→ **Supplied records**
=======
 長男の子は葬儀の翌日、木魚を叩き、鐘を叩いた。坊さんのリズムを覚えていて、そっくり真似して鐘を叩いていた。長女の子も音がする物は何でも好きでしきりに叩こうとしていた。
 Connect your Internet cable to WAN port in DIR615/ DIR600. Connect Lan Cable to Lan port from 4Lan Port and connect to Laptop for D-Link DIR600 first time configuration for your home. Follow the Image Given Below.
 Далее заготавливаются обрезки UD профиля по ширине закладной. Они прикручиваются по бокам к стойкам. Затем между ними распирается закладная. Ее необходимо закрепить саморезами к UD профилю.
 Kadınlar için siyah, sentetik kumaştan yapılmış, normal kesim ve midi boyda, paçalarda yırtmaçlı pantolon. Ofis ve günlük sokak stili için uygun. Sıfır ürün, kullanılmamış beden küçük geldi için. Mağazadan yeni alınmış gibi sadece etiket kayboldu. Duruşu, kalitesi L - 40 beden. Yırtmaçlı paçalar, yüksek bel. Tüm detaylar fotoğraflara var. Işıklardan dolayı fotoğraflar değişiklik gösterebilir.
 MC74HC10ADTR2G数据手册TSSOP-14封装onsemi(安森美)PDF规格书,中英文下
=======
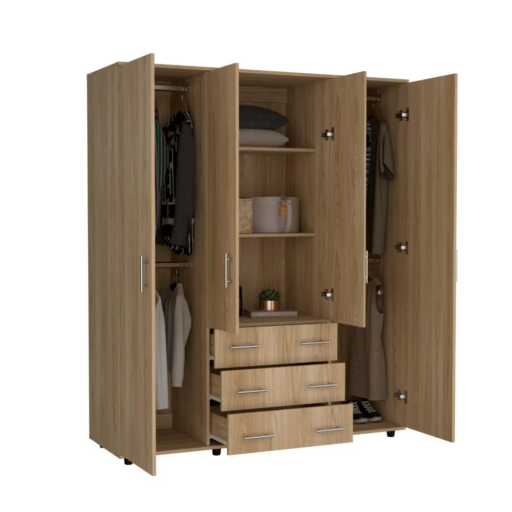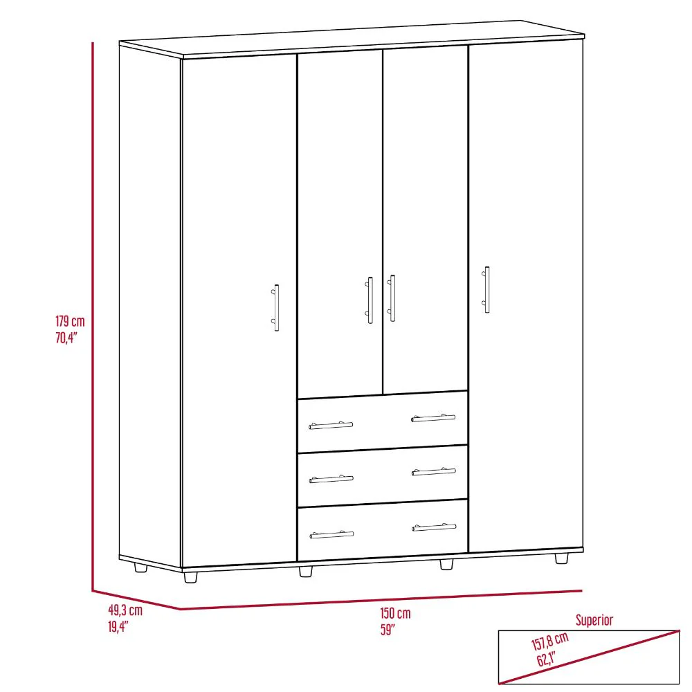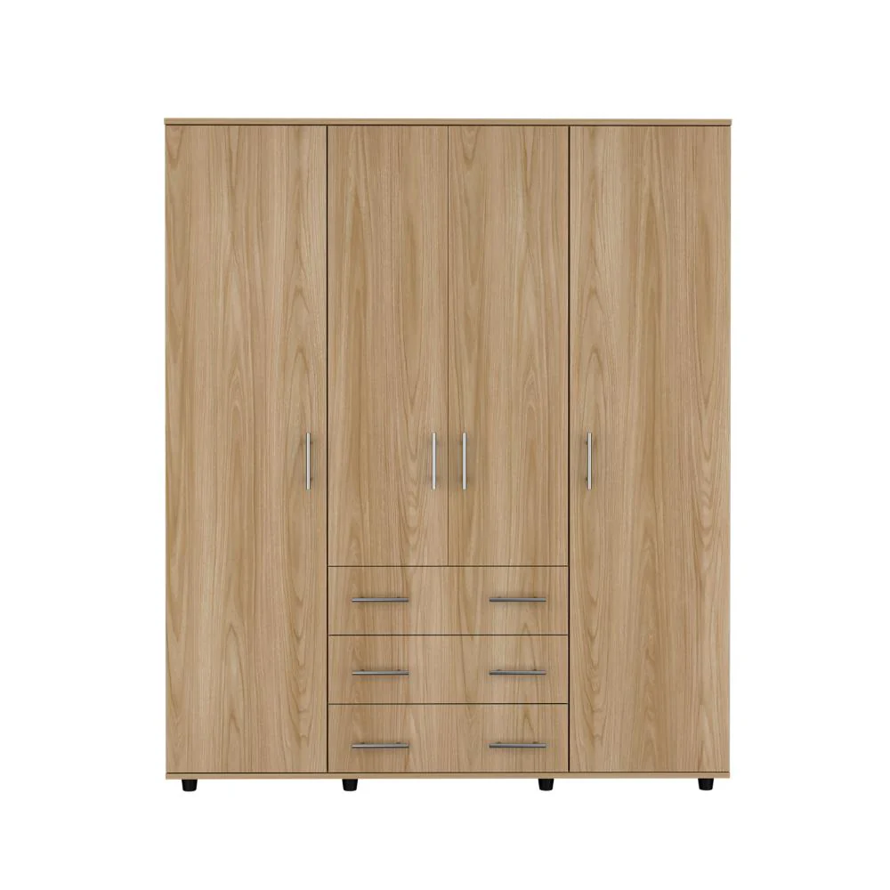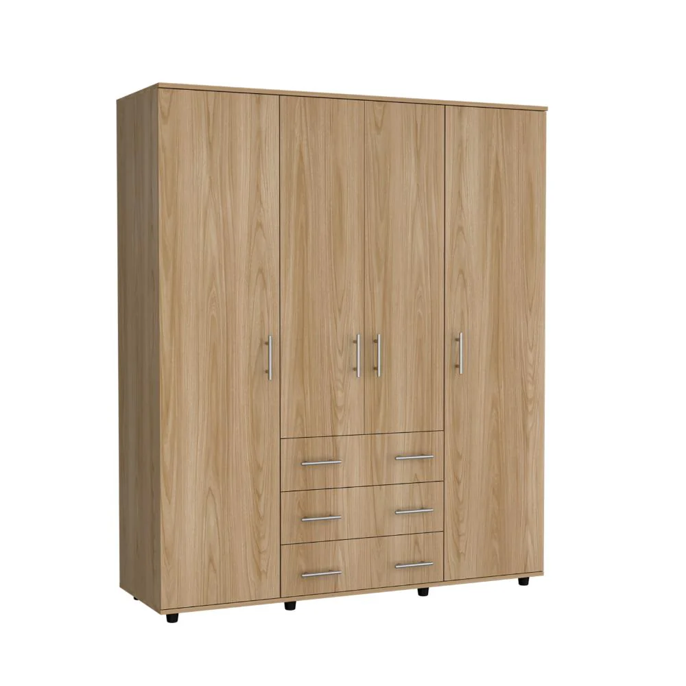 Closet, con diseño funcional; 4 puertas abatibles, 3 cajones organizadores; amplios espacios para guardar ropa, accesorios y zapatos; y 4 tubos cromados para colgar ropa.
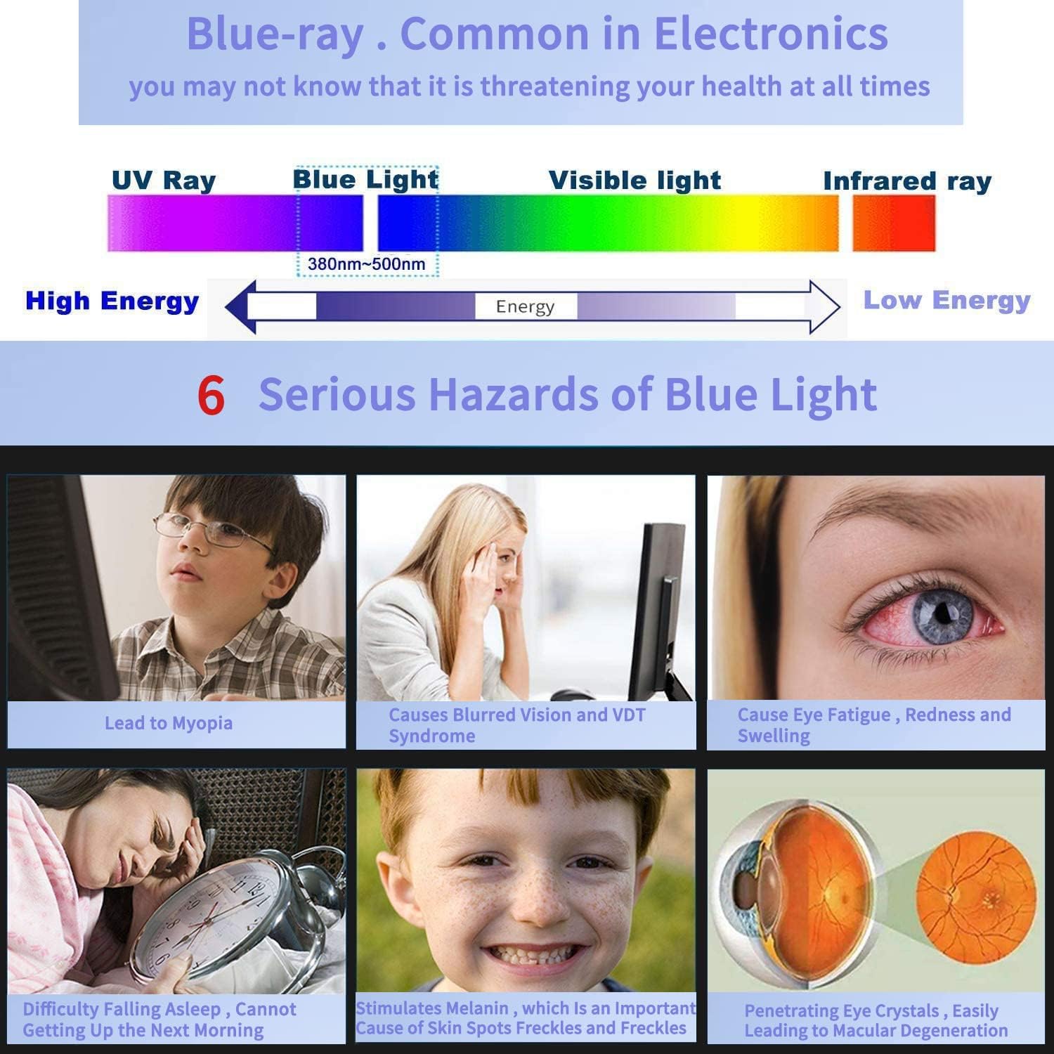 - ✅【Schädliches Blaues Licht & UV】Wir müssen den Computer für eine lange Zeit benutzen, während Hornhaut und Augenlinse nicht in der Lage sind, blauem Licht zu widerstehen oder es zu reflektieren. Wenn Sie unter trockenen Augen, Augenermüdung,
=======
→ **Directions**
What you give back should be exactly the lines of the data above from the line with "長男の子は葬儀の翌日、木魚を" through the line with "Далее заготавливаются обрезки", both of those included, and nothing more.

→ **Answer to this problem**
 長男の子は葬儀の翌日、木魚を叩き、鐘を叩いた。坊さんのリズムを覚えていて、そっくり真似して鐘を叩いていた。長女の子も音がする物は何でも好きでしきりに叩こうとしていた。
 Connect your Internet cable to WAN port in DIR615/ DIR600. Connect Lan Cable to Lan port from 4Lan Port and connect to Laptop for D-Link DIR600 first time configuration for your home. Follow the Image Given Below.
 Далее заготавливаются обрезки UD профиля по ширине закладной. Они прикручиваются по бокам к стойкам. Затем между ними распирается закладная. Ее необходимо закрепить саморезами к UD профилю.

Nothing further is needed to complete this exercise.